Of course my work has always been about story telling at its core. The human experience and the psychological all play deeply in my oeuvre. The expression has always been through multi - media. But rather than try to articulate where my work falls within any overarching directions in visual arts today, I would prefer to leave that to the curators and historians. (Assuming they would even have an interest).
So, setting my art aside, I decided to take a stab at identifying the contemporary art movements over my lifespan in a straight forward way without all the "artspeak" and without classifying through "isms". I am doing this purely out of curiosity and just to get the conversation going and to see what others perceive. I would love to hear your thoughts regarding this.
My pics for Overarching Trends are:
1. Experiential - Multi media, that is combining the tremendous creative opportunities afforded by diverse medias from technology (think selfies) to the use of tech in producing, exhibiting and experiencing art), to moving art like film, performance or projected imagery, moving inflated rubber, levitating hyper real bodies, to light and sound as a sole or critical media. All expand the viewers "experience" and engagement with a work of art. Perhaps the ultimate in installation art. The more senses involved in experiencing art, the greater the impact.

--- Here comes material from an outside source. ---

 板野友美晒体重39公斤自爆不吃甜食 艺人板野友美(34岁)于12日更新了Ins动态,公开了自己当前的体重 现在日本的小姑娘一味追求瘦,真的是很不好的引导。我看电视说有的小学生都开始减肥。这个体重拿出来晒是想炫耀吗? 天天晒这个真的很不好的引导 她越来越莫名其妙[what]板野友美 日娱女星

2. Visceral - works that focus on either the sociological or individual psychological or nonlogical experience of the world. Different from the pop culture art, it is more subtle, a matured exploration into the psyche and emotional reaction to the world. A more visceral allure to a work of art is manifested whether through abstraction, representation or the stark realism of, for example, conjoined or distorted body parts or figures. From work like Francis Bacon to Marc Sijan's hyper real aged figures, this trend touches our emotions and focuses on the human experience.
3. Organic - through diverse media artists recreate in small scales to grand installations - interpretations and abstractions of nature. (Not to be confused with landscape painting). Artists like John Grady's installations distill a sense of organic into atypical form.
4. Explosive and Exploitative - bigger is better, manufactured scale, with the main tenant to push the limits (Think Koons, China contemporary art) not just one figure, but 20 figures, not just polisbed but super shiney....everything is expressed at a max in size, in finish, in numbers.
5. Nostalgia - A trend for artists to reference previous periods of time or ideals in art like LA retro or through direct appropriation. Less about historical referencing and more about a nostalgic appeal of a previous time or place, this art disconnects from the moment and presents an idealistic vision of a yearned for time.
6. Recycle it - probably this is the most ideological of them all because it references the entire sustainability, footprint issue prevalent in society today. Do we add to the consumerism or do we reject it? Do we allow our art to be just another consumable or do we reject the very idea, turn off all the lights and imagine standing in front of a work of art? The idea might be approached directly through recycling all the media used in the production of a work, or conceptually through, for example, conservation of energy and production. The latter, the antithisis of number 4.
7. No Good for Nothin - Dis-Function, No meaning, no purpose, no use art. The devaluing of what is useful, the obliteration of an idea or object. Whether carpet bombing everything, to producing a wonderful work of art and then covering it up, shrouding it so it can never really be seen in whole or part, this trend is constantly questioning the value, our values, through taking seeming value away.
Let me know your thoughts and please add to the list.